Studio album by Wolfgang Rihm
- Released: March 27, 2015
- Recorded: February 2014
- Studio: Augustinus Muziekcentrum Antwerp, Belgium
- Genre: Classical; chamber; choral;
- Length: 1:01:30
- Label: ECM New Series 2404
- Producer: Manfred Eicher

Wolfgang Rihm chronology
| Symphonie "Nähe Fern" (2013) | Et Lux (2015) | Ultimum - New A Cappella Music (2016) |

= Et Lux =

Et Lux is a classical and choral album by German composer Wolfgang Rihm recorded in February 2014 by the Huelgas Ensemble with the Minguet Quartett, conducted by Paul Van Nevel, and released on the ECM New Series March the following year.

Professional ratings
Review scores
| Source | Rating |
| The Guardian | Star |

==Composition==
Like Rihm's participation in the Requiem of Reconciliation, the album is a reworking of the Roman Catholic mass for the dead.

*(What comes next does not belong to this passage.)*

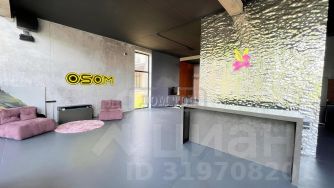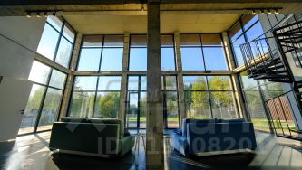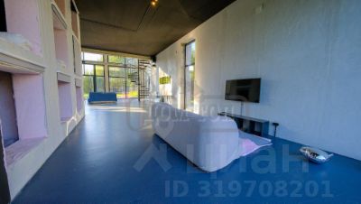 Просторная гостиная с высокими потолками (7 метров) и панорамными окнами.
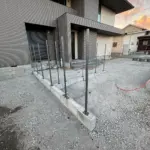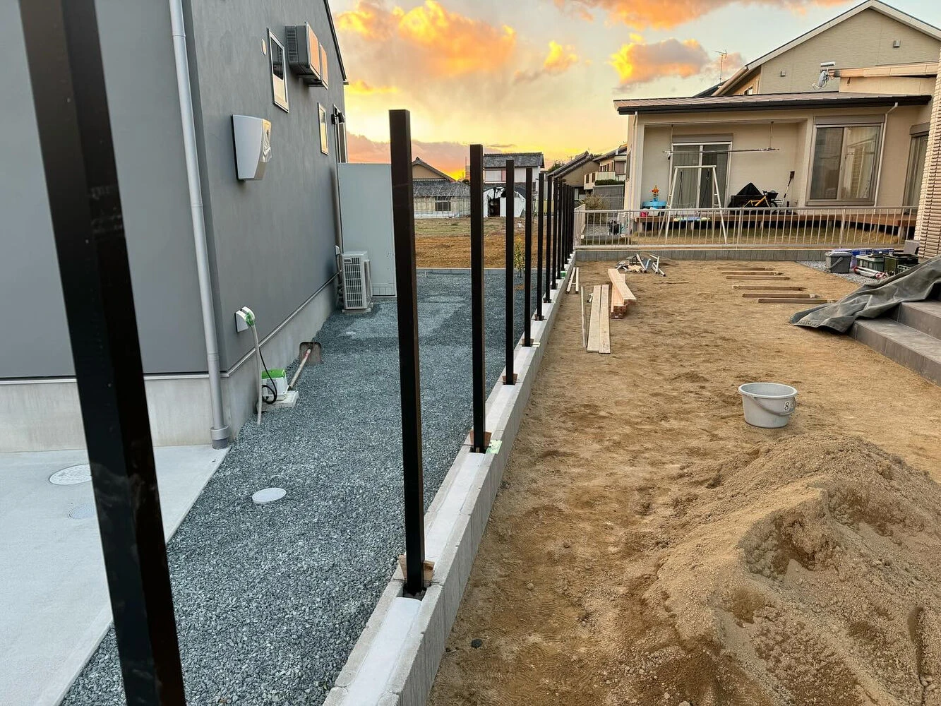 浜松市中央区湖東町にて発泡スチロール壁のジョイント部分にLアングル、家の裏側に板張りフェンスの柱を立てました‼️

In Et Lux he uses a few specific text fragments from the mass, for example “et lux perpetua luceat” (and let perpetual light shine upon them) used to pray for eternal light for the deceased, which appear as components of a progressively realized whole.

On the album, the conductor, Paul Van Nevel, doubled the vocal part.

==Reception==
In The Guardian, Kate Molleson gave the album four stars and says that "this music treads the line of tangibility, with sudden rushes of anger or fondness and the messy half-memories that come with grief.... Conductor Paul van Nevel doubles the vocal parts to create broad, generous textures that sound lovely and lush against the strings' icy clarity—all qualities that ECM's engineers are expert at capturing."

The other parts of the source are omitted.